To fix the error, turn QUIC off in Chrome. For this, go to the address bar and type in “chrome://flags/#enable-quic” Then, set it to Disabled. Finally, restart Chrome and relaunch the application:

Try a Different Browser or Device

If it still doesn’t work, the webpage may be corrupted on that specific browser or the network. Try the following:

• Open/Access the webpage using a different browser.
• To fix any hardware problems, access the webpage using another device or another network.

Check Your Antivirus or Firewall Settings

Some SSL connections might be affected by specific antivirus software and firewalls. The solution is to go into your antivirus settings and disable SSL scanning options.

For Windows users, here’s how you can temporarily turn off the antivirus and firewall:

Go to Settings > Privacy & Security > Windows Security. Then, select Virus & Threat Protection and hit Manage settings:

Turn off Real-time protection and select Yes to confirm:

Using A VPN

Some SSL errors may result from network constraints. A VPN can solve these issues by hiding the network location and removing the constraints placed on the website.

Bypass the Warning (Not Advisable)

You can access the site by ignoring the warning; however, you do so at your own risk, as it can endanger your data. Ignore the warning only if you’re completely sure the site is safe.

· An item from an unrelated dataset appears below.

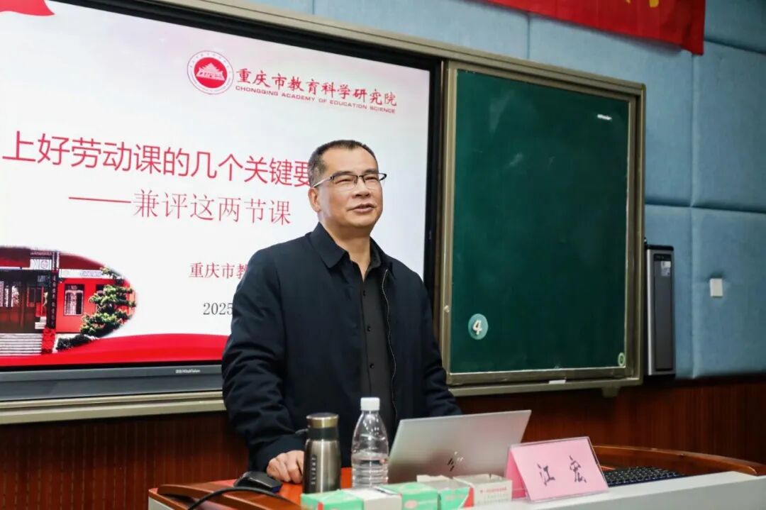 市教科院劳动教研员江宏老师认为两节课都成为了践行《劳动课标》的优秀范本,做到了紧扣实践本质与育人导向。随后以《上好劳动课的几个关键要素》为题做讲座,从课程性质、育人支柱等方面解析劳动教学要点,为劳动课提质增效提供实操指引。

Website owners and their visitors can resolve the ERR_SSL_VERSION_OR_CIPHER_MISMATCH error using these solutions.

Conclusion

The message “ERR_SSL_VERSION_OR_CIPHER_MISMATCH” will appear for many reasons, including users with out-of-date browsers, servers using the wrong configuration, hardware malfunction, etc. The best way to avoid this error again is to constantly update your browsers, ensure the server accepts new protocols, and issue valid SSL certificates. Using the above solutions allows both end-users and website administrators to fix the issue successfully. If your problems persist even after these solutions, reach out to your hosting service or SSL provider for more help.